Riprap (in North American English), also known as rip rap, rip-rap, shot rock, rock armour (in British English) or rubble, is human-placed rock or other hard, heavy, unconsolidated material used to protect shoreline structures against scour and water, wave, or ice erosion. Riprap is used to armor shorelines, streambeds, bridge abutments, foundational infrastructure supports and other shoreline structures against erosion. Common rock types used include granite and modular concrete blocks. Rubble from building and paving demolition is sometimes used, as well as specifically designed structures called tetrapods or similar concrete blocks.
Riprap is also used underwater to cap immersed tubes sunken on the seabed to be joined into an undersea tunnel.

== Design and installation ==
Riprap design takes into account the size and gradation of the rock, the thickness of the protective layer, water flow and wave conditions, the slope being protected and the characteristics of the underlaying soil. Rock size is commonly described using D50, which represents the median particle size in a graded riprap mixtures.

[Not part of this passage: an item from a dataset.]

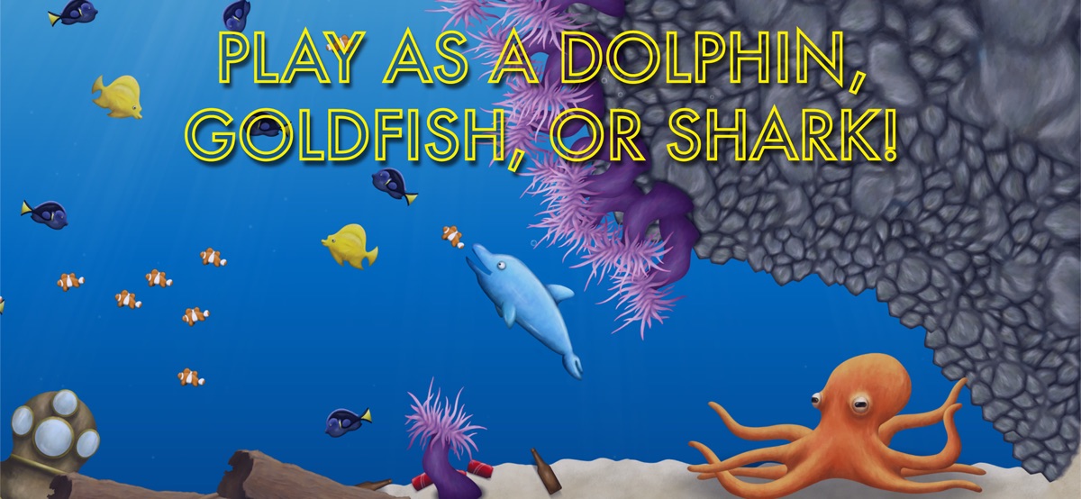 In addition to the goldfish, you can also play as a hungry dolphin and a ravenous shark. The dolphin starts off as an overworked aquarium star, forced to jump through flaming hoops for food. He escapes from captivity by eating his way through the aquarium and taking revenge on his trainer. The shark is the final playable character, an artificial fish created by scientists to save Earth’s oceans. It uses self-replicating nano technology to consume everything in its path and convert their matter into its own. There’s no telling how big this shark will get.

Riprap generally consists of a range of stone sizes rather than uniformly sized rocks. The stones are placed to form a stable protective layer while still allowing the water to move through the spaces between them. Where necessary, a granular filter layer or geotextile is installed beneath the riprap to reduce the loss of soil particles and help prevent the layer from being undermined.

The amount of riprap required for a project depends on surface area being protected and the specified thickness of the rock layer. These dimensions can be used to estimate the volume of material required, while the approximate weight depends on the bulk density of the selected rock.

== Environmental effects ==

=== Sediment effects ===
Riprap causes morphological changes in the riverbeds they surround. One such change is the reduction of sediment settlement in the river channel, which can lead to scouring of the river bed as well as coarser sediment particles. This can be combatted by increasing the distance between the pieces of riprap and using a variety of sizes.

The usage of riprap may not even stop erosion, but simply move it downstream. Additionally, the soil beneath the riprap can be eroded if the rock was just placed on top without any buffer between the layers such as a geotextile fabric or smaller riprap (crushed stone).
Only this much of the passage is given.